Pode ser que os recursos clandestinos do PT
tenham vindo de uma única fonte, mas o mais
provável, dada a fartura do dinheiro, é que
tenham origem em várias fontes. Uma
investigação de VEJA, iniciada há quatro
semanas, indica que uma das fontes foi Cuba. Sim,
a ilha de Fidel Castro, onde o dinheiro é
escasso até para colocar porta ou filtro de
água nas escolas, despachou uma montanha de
dólares para ajudar na campanha presidencial de
Luiz Inácio Lula da Silva. A apuração de VEJA
descobriu que:
Entre agosto e setembro de 2002, o comitê
eleitoral de Lula recebeu 3 milhões de dólares
vindos de Cuba. Ao chegar a Brasília, por meios
que VEJA não conseguiu identificar, o dinheiro
ficou sob os cuidados de Sérgio Cervantes, um
cubano que já serviu como diplomata de seu país
no Rio de Janeiro e em Brasília.
De Brasília, o dinheiro foi levado para
Campinas, a bordo de um avião Seneca,
acondicionado em três caixas de bebida. Eram
duas caixas de uísque Johnnie Walker, uma do
tipo Red Label e outra de Black Label, e uma
terceira caixa de rum cubano, o Havana Club. Quem
levou o dinheiro foi Vladimir Poleto, um
economista e ex-auxiliar de Antonio Palocci na
prefeitura de Ribeirão Preto.
Em Campinas, o dinheiro foi apanhado no
Aeroporto de Viracopos por Ralf Barquete, também
ex-auxiliar de Palocci em Ribeirão Preto.
Barquete chegou a bordo de um automóvel Omega
preto, blindado, dirigido por Éder Eustáquio
Soares Macedo. De Viracopos, o carro foi para
São Paulo, para deixar as caixas no comitê de
Lula na Vila Mariana, Zona Sul da capital
paulista, aos cuidados do então tesoureiro
Delúbio Soares. |
A história acima, resumida em
três tópicos, foi confirmada a VEJA por duas
fontes altamente relevantes, dado o pleno acesso
que tiveram aos detalhes do caso. A primeira foi
o advogado Rogério Buratti, que também
trabalhou na prefeitura de Ribeirão Preto na
gestão de Palocci. Procurado por VEJA no dia 20
de outubro, uma quinta-feira, Buratti recebeu a
revista no restaurante do hotel San Diego, em
Belo Horizonte. A entrevista durou duas horas e
meia. Reticente, Buratti não queria falar sobre
o assunto, mas não se furtou a confirmar o que
sabia. "Fui consultado por Ralf Barquete, a
pedido do Palocci, sobre como fazer para trazer 3
milhões de dólares de Cuba", disse
Buratti. Segundo ele, a consulta sobre a
transação cubana ocorreu durante um encontro
dos dois no Tennis Park, um clube de Ribeirão
Preto onde Buratti e Barquete costumavam jogar
tênis pela manhã. Buratti sugeriu internar o
dinheiro cubano pela via que lhe parecia mais
fácil. "Disse que poderia ser através de
doleiros." O advogado relata que, depois
disso, não teve mais contato com o assunto, mas
dias depois foi informado de seu desfecho.

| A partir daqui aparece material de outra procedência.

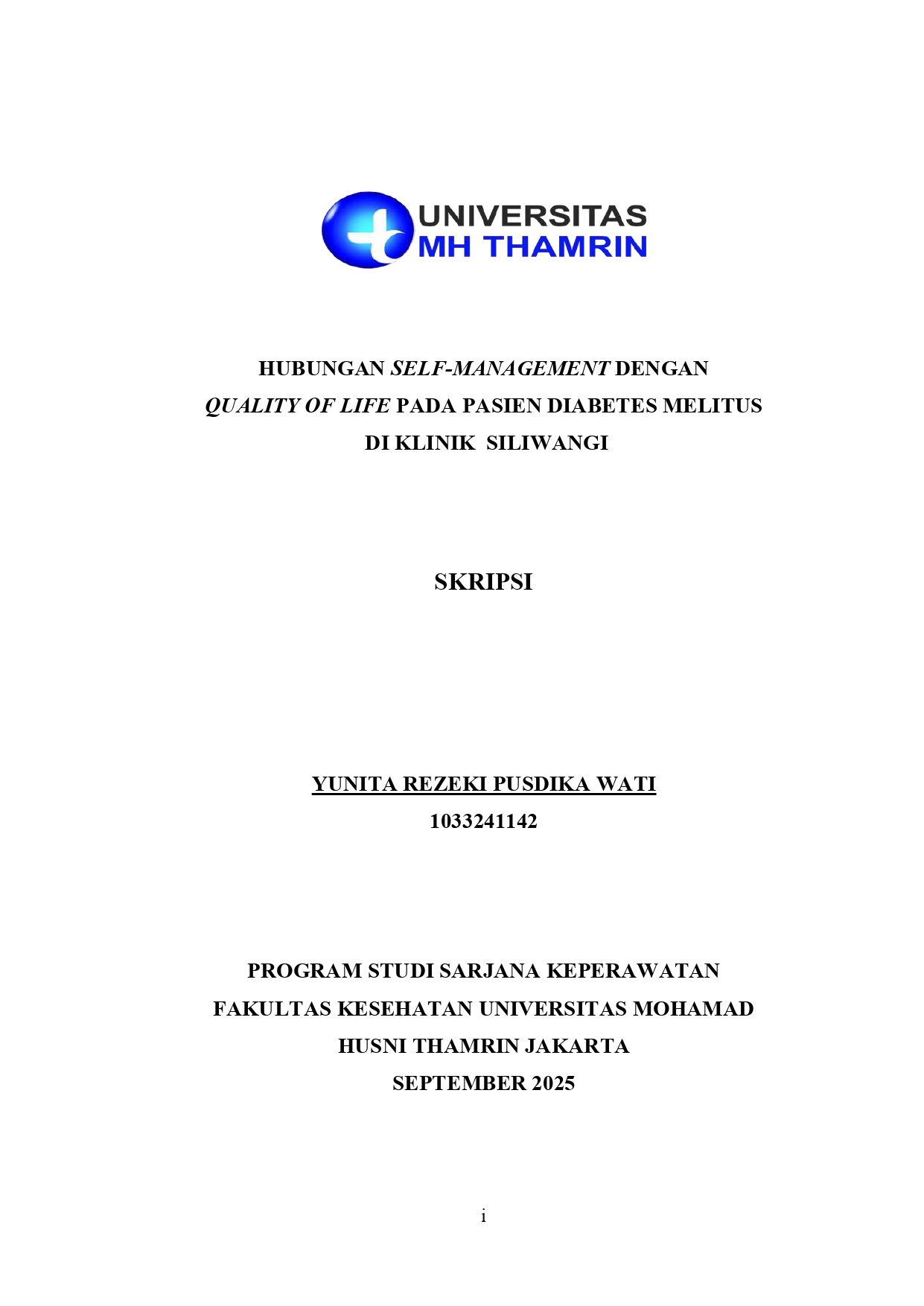 Yunita, Rezeki Pusdika Wati (2025) Hubungan Self-Management dengan Quality of Life pada Pasien Diabetes Melitus di Klinik Siliwangi. Other thesis, Universitas Mohammad Husni Thamrin.
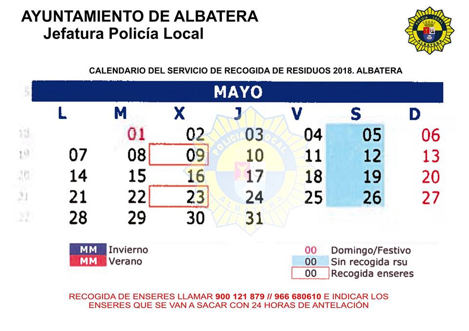 Como cada mes la Policía Local de Albatera nos facilita el calendario de las farmacias de guardia y el de recogida de basuras y enseres.

"Sei que o dinheiro veio, mas não sei
como." As declarações de Buratti foram
gravadas com seu consentimento. VEJA relatou ao
ministro Palocci a história contada à revista
pelos seus ex-auxiliares. O comentário do
ministro: "Nunca ouvi falar nada sobre isso.
Pelo que estou ouvindo agora, me parece algo
muito fantasioso".
A outra confirmação veio de uma fonte ainda
mais qualificada, já que teve participação
direta na Operação Cuba: o economista Vladimir
Poleto, que hoje trabalha como consultor de
empresas. Poleto recebeu VEJA no dia 21 de
outubro, uma sexta-feira, no bar do hotel Plaza
Inn, em Ribeirão Preto. A conversa estendeu-se
das 10 da noite até as 3 da madrugada. Poleto,
apesar da longa duração do contato, ficou
assustado a maior parte do tempo. "Essa
história pode derrubar o governo", disse
ele mais de uma vez, sempre passando as mãos
pela cabeça, em sinal de nervosismo e
preocupação. No decorrer da entrevista, no
entanto, Poleto confessou que ele mesmo
transportou o dinheiro de Brasília a Campinas,
voando como passageiro em um aparelho Seneca em
que estavam apenas o piloto e ele. Fez questão
de ressalvar que, na ocasião, não sabia que
levava dinheiro. Achava que era bebida. "Eu
peguei um avião de Brasília com destino a São
Paulo com três caixas de bebida", disse.
"Depois do acontecimento, fiquei sabendo que
tinha dinheiro dentro de uma das caixas",
completou, acrescentando: "Quem me disse
isso foi Ralf Barquete. O valor era 1,4 milhão
de dólares". |
Poleto conta que, quando recebeu a
missão de pegar o dinheiro cubano, foi orientado
a ir ao Aeroporto de Congonhas, em São Paulo.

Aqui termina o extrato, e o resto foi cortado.